Ja, auch diesmal war es so. Schmuckes schön hergerichtetes Kirchlein, aber leider niemand anzutreffen oder zu erreichen. Also Plan B. War auch nicht so weit von der Kirche entfernt. Dort sagte mir die Wirtin, dass man die Zimmer erst neu herrichtet würde und deswegen gar keine anbietet. Später erfuhr ich, dass sie nur keinen Bock hatten, n Zimmer für nur eine Nacht zu vermieten, weil der Verdienst zu gering ist. Kann ich n stückweit nachvollziehen, aber dennoch bedrückte mich das etwas. Vorallem das angelogen worden zu sein. Sie verwies mich dann an eine andere Zimmervermietung, wo ich dann auch unterkam und neben einem Frühstück sogar meine Wäsche gewaschen und getrocknet bekam. (das wurde aber auch wirklich höchste Zeit, grinz).
Beim Frühstück unterhielt ich mich gut mit meiner Gastgeberin, die eine treue und ehrliche Christin war, die trotz ihrer Gebrechen und dem zu pflegenden Mann nicht jammerte, sondern mir, (der wie jeden Morgen Angst vorm neuen Tag hatte) Mut zusprach. "verlassen sie sich aufn Herrn, der wird ihnen helfen, glaubens mir das!" Es ließ mich demütig werden.
Sie erzählte mir noch, dass sie in ihrem Dorf keinen Pfarrer mehr hatten. Als sie einen neuen bekamen,nahm sie ihn über Wochen bei sich auf. Inzwischen hat er eine Wohnung..und lässt sich bei ihr nicht mehr blicken.
Die Kirche ist wenige hundert Meter entfernt, aber sie kann aufgrund ihres Alters nicht mehr soweit gehn. Mehrere Operationen hat sie hat sie hinter sich, aber es wird wohl nicht mehr  besser werden. Warum kann nicht irgendeiner diese Frau, diese sehnsuchtsvolle,auf ihren Herrn trauende, liebe(nde) Christin aufm Weg zum Gottesdienst abholen? Ich hatte wieder Tränen in den Augen. In diesem Moment aber nicht wegen mir und meinen Ängsten.

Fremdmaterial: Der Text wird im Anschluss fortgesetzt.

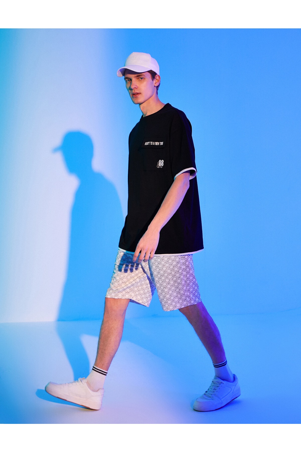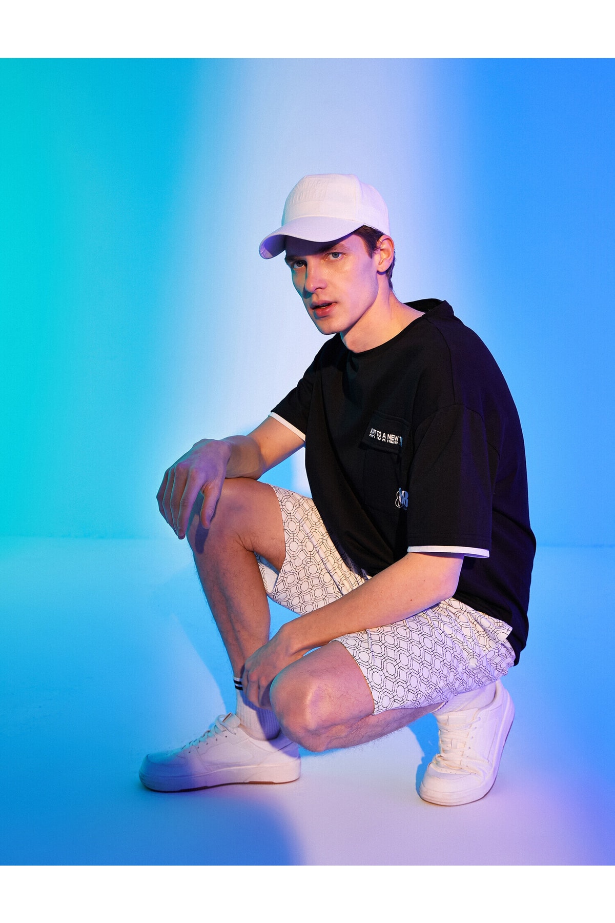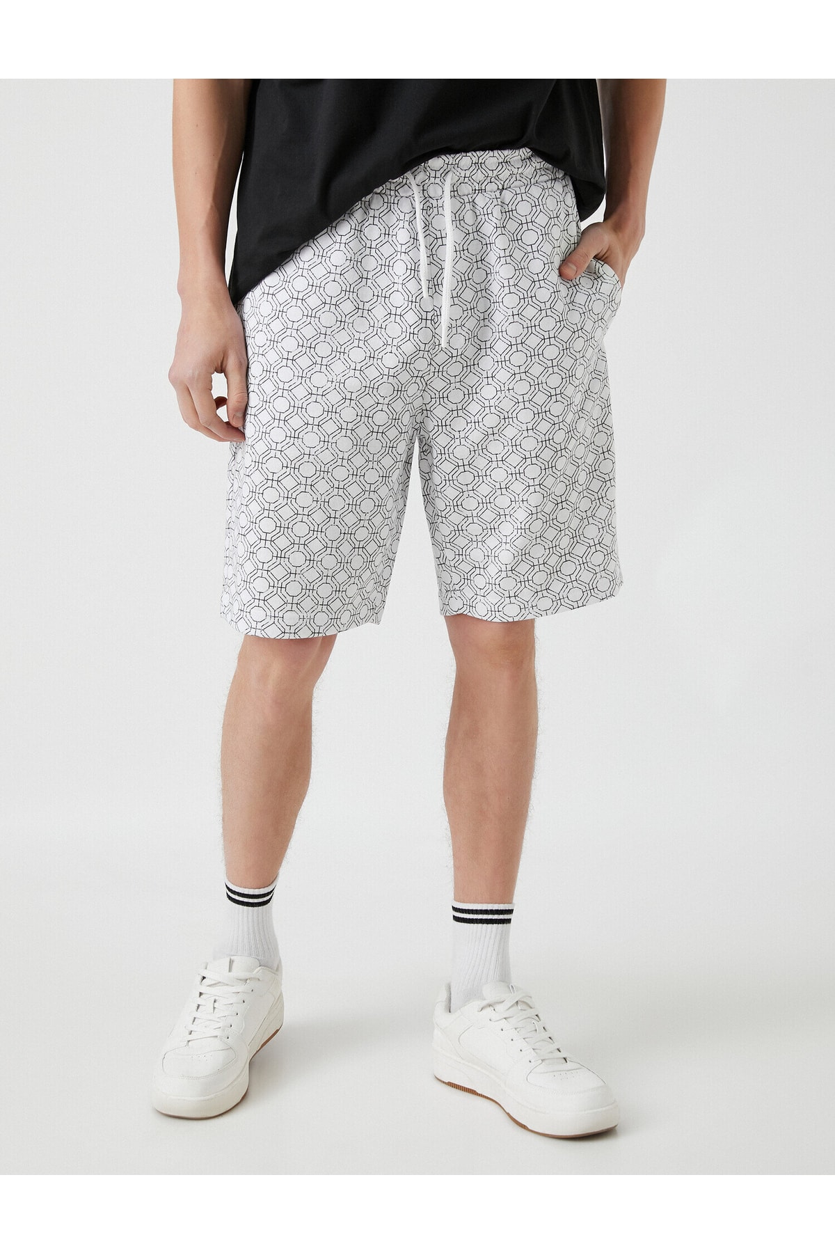 Geometrik Desenli Şort Model Bilgileri: Boy:186 cm, Göğüs:99, Bel:76, Kalça:94, Modelin Bedeni:M

Über die Tage darauf schreibe ich ein andermal.

Bis bald, meine Lieben!




1 Kommentar:

  1. Lutherbibel 1912
    Gastfrei zu sein vergesset nicht; denn dadurch haben etliche ohne ihr Wissen Engel beherbergt.
    Auch wenn du eher ein Bengel bist ... ;-) da gibt es noch folgenden Auftrag:
    Matthäus 25 ab Vers 35
    Was ihr getan habt einem von diesen meinen geringsten Brüdern, das habt ihr mir getan.